13.2.21

Diário de Bordos - Porto, 13-02-2021

«O serviço de esplanada será pago na entrega do mesmo», diz uma folha de papel (impressa, vá lá) na montra de um café (fechado, claro). O uso de «mesmo» impõe-se, porque a entrega podia referir-se á empregada que trouxesse o serviço para a mesa (ou empregado, há gostos para tudo. Nb: falo por mim, da minha perspectiva, na minha óptica, do meu ponto de vista. obrigado.). Aqui há uns tempos vi melhor ainda: «Por favor não deixe a porta aberta. Por favor feche a mesma.» Não é verbatim, mas anda lá perto. Mais uma vez, a pessoa que escreveu aquilo pensou que se escrevesse «por favor feche-a» quem o lesse pensaria que o estava a mandar calar. O uso de «mesmo» alastrou no português actual como uma praga de gafanhotos na pradaria, como «colocar» por «pôr», como «máscara obrigatória» por «bom senso obrigatório» ou «use a liberdade, não use máscara» ou coisa que o valha. 

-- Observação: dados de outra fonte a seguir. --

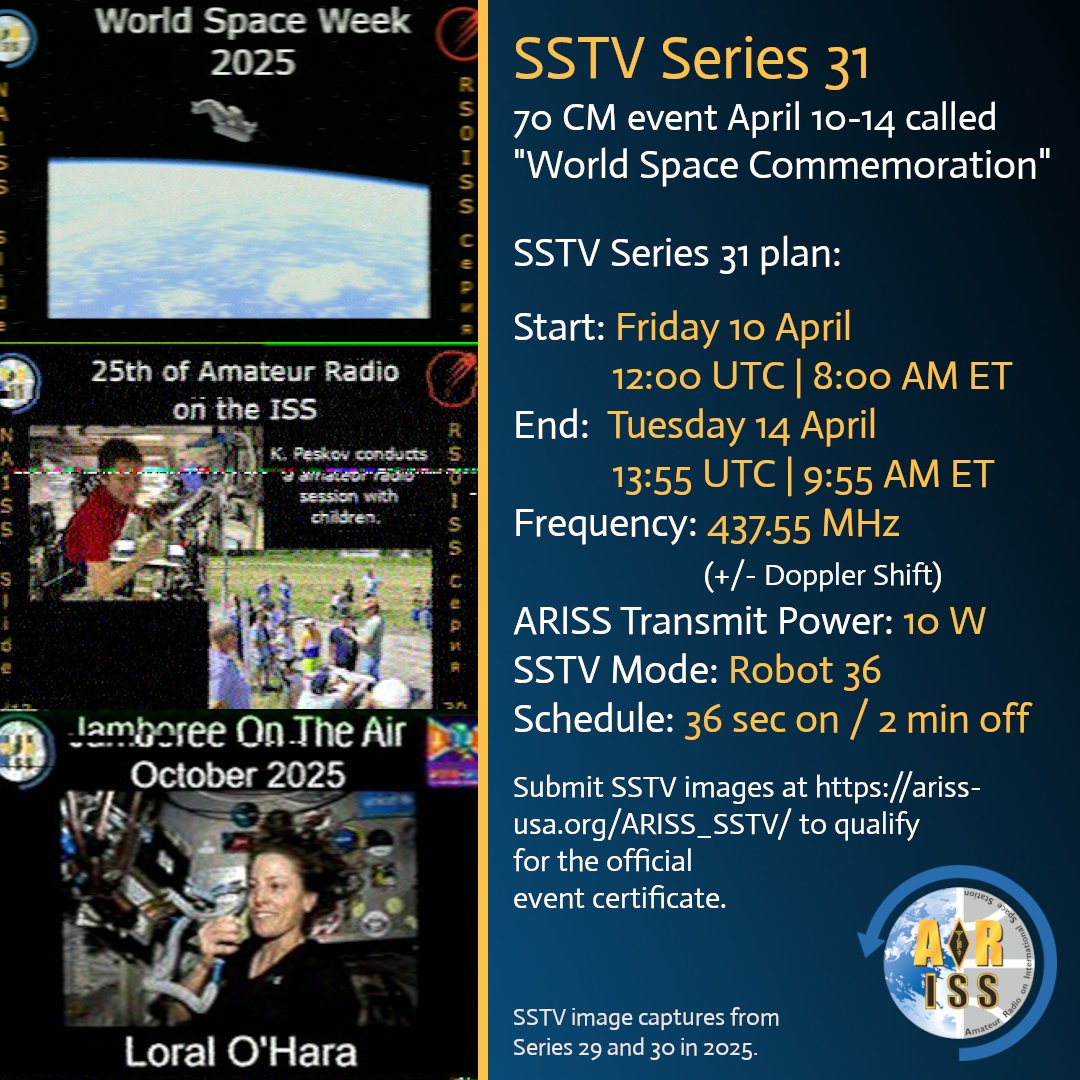 Vom 10. bis 14. April 2026 ist es wieder soweit: Die Amateurfunkstation an Bord der Internationalen Raumstation (ISS) sendet im Rahmen der ARISS SSTV Series 31 erneut Bilder zur Erde.

Noventa e nove por cento das pessoas que cruzo na rua usa máscara, por vazia que esteja a rua, por espaço que tenham à sua volta. Até casais, de mão dada e olhar enlevado (suponho). Nesse aspecto, o Porto desiludiu-me. Pensava que os portuenses eram mais rebeldes, prezavam mais a liberdade. Afinal, em Lisboa somos mais numerosos.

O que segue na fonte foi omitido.